NO2 is not an issue (not measurable), fish are doing fine.

I am using CO2 from the beginning but I had to pump insane amounts of CO2 to get the drop checker at least blue-green. I found out that the problem was the JBL inline diffusor (something was not tight enough, CO2 was leaking somewhere and not going through the membrane, not producing fine bubbles). One month ago, I have purchased another inline diffusor (Q-Grow) and now I finally see, how this is supposed to work. Set to 120 dpm, the 20 mg/l drop checker is constant light green = since one month, I finally have stable and sufficient levels of CO2 in the tank. I also see a decrease in pH (used to be 7.6+, now I measure 7.3-7.4).
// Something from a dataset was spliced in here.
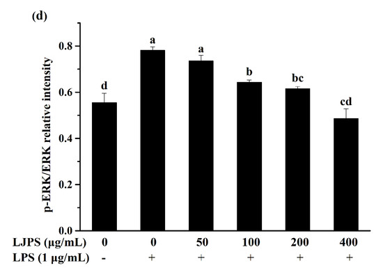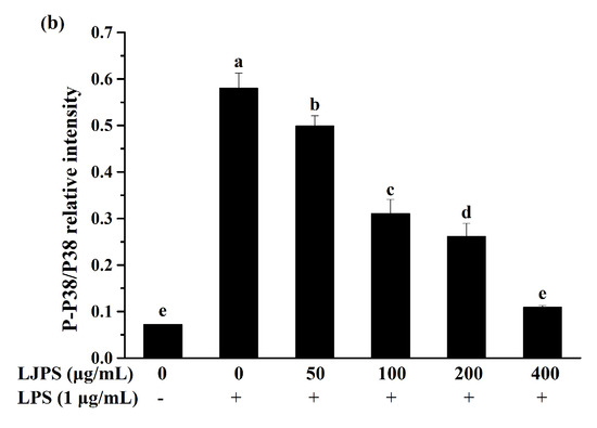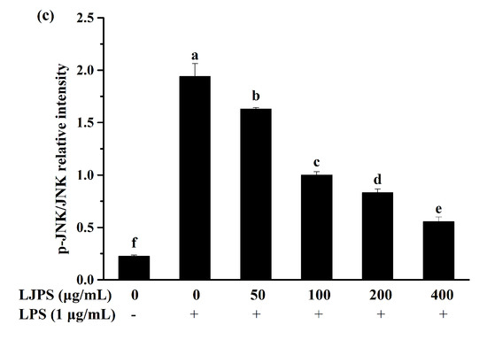 In the present study, the p38 mitogen-activated protein kinase (p38 MARK), c-Jun N-terminal kinase (JNK), and extracellular signal-regulated kinase (ERK) were analyzed to evaluate the activation of the MAPK signaling pathway. As Figure 6b–d shows, the phosphorylation of the MAPK pathway proteins in the presence of LPS were significantly promoted by about 8.1-, 8.6-, and 1.4-fold, respectively, compared with the control group (p < 0.05), while incubation with LJPS significantly inhibited the phosphorylation of MAPK proteins in a dose-dependent manner (p < 0.05). At the concentration of 400 μg/mL, p38 MARK, JNK, and ERK phosphorylation levels were respectively suppressed to 18.77%, 28.57%, and 62.15%, compared to the LPS-treated group. Dramatically, 400 μg/mL of LJPS downregulated the phosphorylation of ERK to 0.49 ± 0.04 (relative intensity of p-ERK/ERK), which was even lower than that of the control group, but with no significant difference (p < 0.05).

Since the growth of algae was picking up, I decided to use EasyCarbo. This helps, but the tank is clearly not in equilibrium (it never was). I now focus on optimizing nutrients. NO3 is typically 15-30 mg/l and it comes at this level in the tap water. PO4 and Fe are not measurable. In my opinion, the algae growth comes from too much NO3 and not enough PO4 and Fe. I add these to water column (EasyLife Fosfo and JBL Ferropol). I add 0.2 mg/l pf PO4 once a week and 20 ml of Ferropol (0.1 mg/l of Fe) 4 days after the PO4.

I have plenty of light (7x 10W modules, 180 lm/W = 12600 lm,  42 lm/l). Currently dimmed to roughly 3/4 of the max. The tap water has increased levels of SiO2 (approx 3 mg/l), I guess that explains the diatoms. I used to have SilicatEx in the filter, but removed it before Xmas, after I have read that it impacts also iron availability and that if aquarium is in equilibrium diatoms disappear despite the high levels of SiO2.
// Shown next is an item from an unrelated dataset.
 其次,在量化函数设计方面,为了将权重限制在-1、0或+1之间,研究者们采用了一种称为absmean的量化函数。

What I have read in this thread makes me believe that I should be able to end up with eye pleasing aquarium despite the high levels of GH/KH, without having to buy a RO unit. Am I doing the right things? Light was always OK, CO2 is OK now, there is abundance of Ca2+ and Mg2+, no more Na2+.  I expected that once I regularly add PO4 and Fe (my limiting factors?), I will see that NO3 levels will go down, but they stay more or less constant. Shoudl I add even more PO4/Fe? Or are the plants are too tired/weak after months of suffering and I am only making things worse by adding other nutrients that cannot be used at the moment? Do plants grow slower in hard water and I should focus on reducing NO3? How would I do this? I am thankful for any advice/suggestion.


----------



## jaypeecee (19 Feb 2022)

Hi @Jan_H 

Welcome to UKAPS!

As your problems seem to be centred on your hard water, would it be possible to use rainwater (suitably filtered, if necessary)?

JPC


----------



## Konsa (19 Feb 2022)

Jan_H said:


> Hi,
> 
> I am relatively new to the hobby (having aquarium one year). Useful information on this forum made me register and ask for help. I have a 300 liter tank. I used tap water that was treated by a water softener (ion exchange Ca/Mg -> Na). During this period GH was 5, KH 16-18. Suboptimal plant growth; all my plants are beginners' plants. After repeatedly reading that such water is not good for aquariums, I have installed an additional valve upstream from the ion exchanger. Since November  (=4 months now) I use untreated water for every water exchange. GH has gradually risen and now it stable (GH=KH=16-18).  Things have improved. I see better growth of the plants, but I also fight with algae (pretty much all - diatoms, GSA, BBA, BGA).
> 
> ...


Hi
Will you please provide more info on your system. 
Filtration,When Co2 comes on/off,when your lights come on /off,how you maintain the tank,what fertilizers you are using and how much/when you dosing, what critters are in there.Post loads of pics(videos).
Having hard water on its own its not detrimental for most plant species health.There are possibly more factors in play.

Regards Konstantin


----------



## dw1305 (19 Feb 2022)

Hi all,
Edit:  Apologies to @Jan_H  I originally managed to post this in <"another thread">.

Welcome to UKAPS.


Jan_H said:


> GH has gradually risen and now it stable (GH=KH=16-18). Things have improved. I see better growth of the plants, but I also fight with algae (pretty much all - diatoms, GSA, BBA, BGA).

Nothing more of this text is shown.